At the end of 2013 and beginning of 2014, a number of SGR reform proposals enjoyed bipartisan and bicameral support. In January 2014, Rep. and physician Michael C. Burgess (R-Texas) introduced H.R. 4015, the SGR Repeal and Medicare Provider Payment Modernization Act of 2014. In mid-March 2014, Senate finance committee chairman Ron Wyden (D-Ore.) introduced S. 2110, the Medicare SGR Repeal and Beneficiary Access Improvement Act of 2014, and on March 25, 2014, a similar bill—S. 2157, the Commonsense Medicare SGR Repeal and Beneficiary Access Improvement Act of 2014—was introduced in the Senate by Sen. Wyden.

Although all of those bills ultimately succumbed to fiscal and political realities, Speaker of the House John Boehner (R-Ohio) and then Senate Majority Leader Harry Reid (D-Nev.) said they would continue to work toward a permanent SGR repeal.

Reason for optimism #3: It’s less controversial than repealing Obamacare.

As a result of the Republican Party’s gains in the 2014 midterm election, which gave the GOP a majority in the Senate and their largest majority in the House since the 1940s, Republicans can certainly stage a full vote on the repeal of Obamacare, which would force either a Democratic filibuster or a presidential veto. But the Democrats and the president will not allow the Obama administration’s signature piece of legislation to be undone, as long as President Obama remains in office. Two thirds of both houses of Congress are needed to overturn a veto by the president, and the Republicans lack such a majority in either house. Thus, any Republican-driven vote in Congress to repeal the Affordable Care Act would be pointless and viewed by much of the public as counterproductive political showmanship.

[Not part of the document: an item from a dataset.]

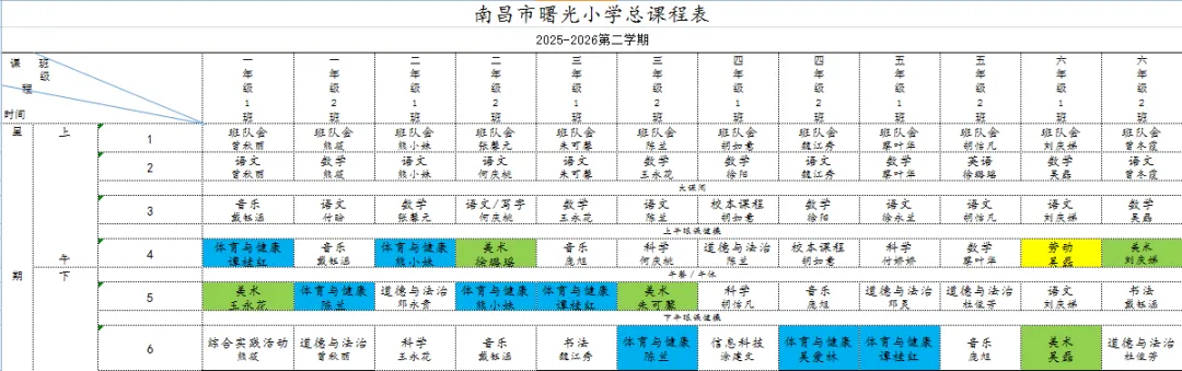 【初阳教育】南昌市曙光小学2025-2026学年第二学期“晒课表”啦!

In contrast, a permanent repeal of the SGR—especially given the aforementioned bipartisan support for it—could be viewed as more politically feasible and an example of “the art of the possible.”

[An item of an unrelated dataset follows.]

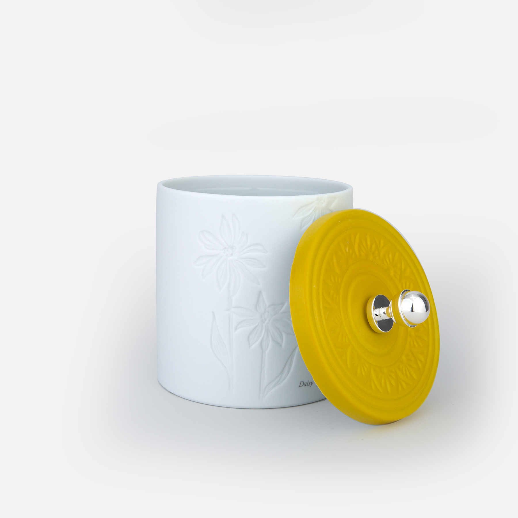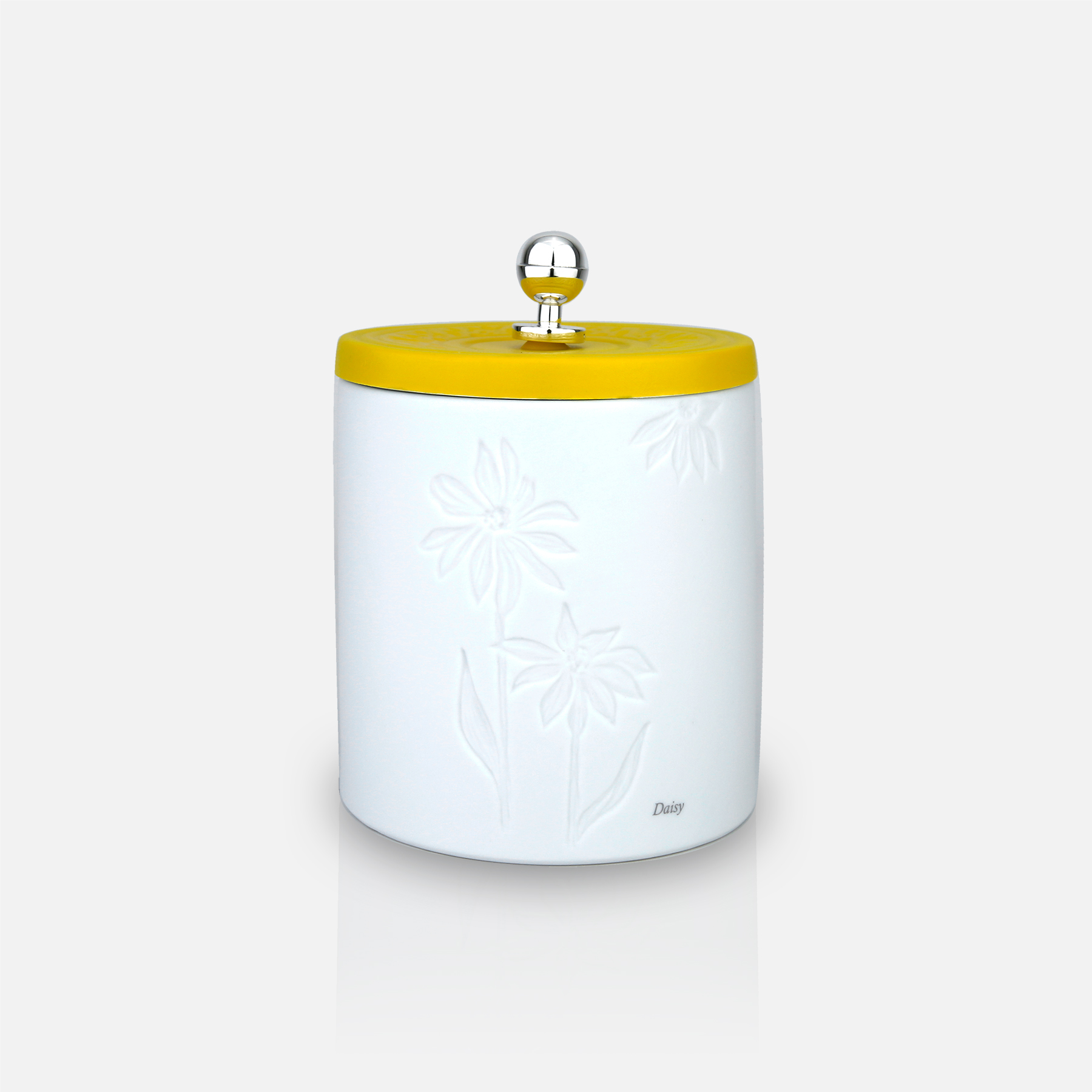 Caixa de Porcelana Daisy com pega em prata | Amarelo

While all of the previously mentioned reasons for optimism are true, there are also valid reasons—all pertaining to fiscal realities—to be pessimistic about passage of a permanent doc fix in 2015.

Reason for pessimism #1: The American public is most concerned about the economy.

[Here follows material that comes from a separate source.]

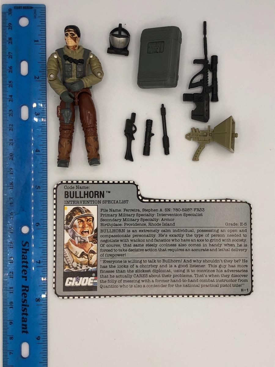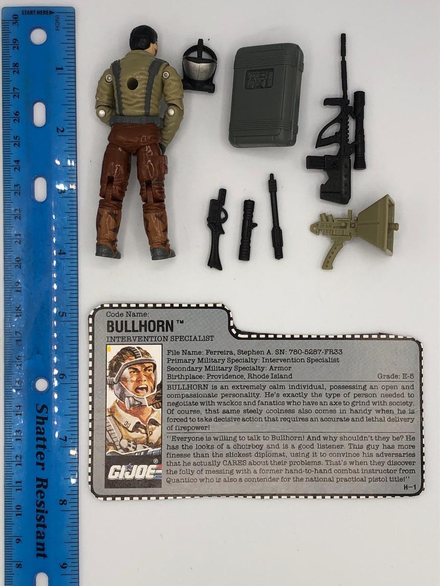 Vintage Hasbro GI Joe 1990 Bullhorn Action Figure, File card, & Accessories 100% Original, Vintage, & Authentic!

A preliminary national exit poll for the 2014 midterm election conducted by ABC News found that 45 percent of voters say the economy was the most important issue in their vote. Seven in 10 voters said the nation’s economy is in bad shape, and 78 percent are worried about the economy’s direction in the year ahead. If the federal government seeks to create jobs, as suggested by President Obama, by rebuilding the nation’s infrastructure—roads, bridges, ports and waterways—that could mean less money available to fund a permanent repeal of the SGR.

Reason for pessimism #2: The fights against Ebola and ISIL are urgent priorities.

During President Obama’s Nov. 5 news conference on the midterm election results, he stated that he will be submitting a couple of important near-term requests to Congress: 1) to fund American healthcare workers, scientists and troops in their efforts to combat the spread of Ebola in West Africa and to increase preparedness for any future cases in the United States; and 2) to authorize and support the use of military force against ISIL. These two initiatives—whose price tags are still to be determined—will take precedence and be costly.

Reason for pessimism #3: How to pay for a permanent SGR repeal remains an unanswered question.

All the previous permanent doc fix bills have either not specified any specific sources of funding—so-called “pay-fors” that would offset the increased government spending resulting from repeal of the SGR, thereby allowing the reform legislation to be deficit-neutral—or proposed sources that most Democrats or Republicans in Congress would not even be willing to consider. Some envision Congress passing a broad deficit-reduction plan that incorporates numerous new healthcare reform components that would collectively fund a permanent doc fix, but gaining passage of such a plan with a Republican-controlled Congress and a Democratic president would constitute a political miracle.

Unfortunately, and I hate to say it, in the final analysis, formidable competing fiscal priorities and the inexorable gravitational pull of the 2016 election will most likely relegate permanent SGR reform doc fix, yet again, to the back burner in 2015.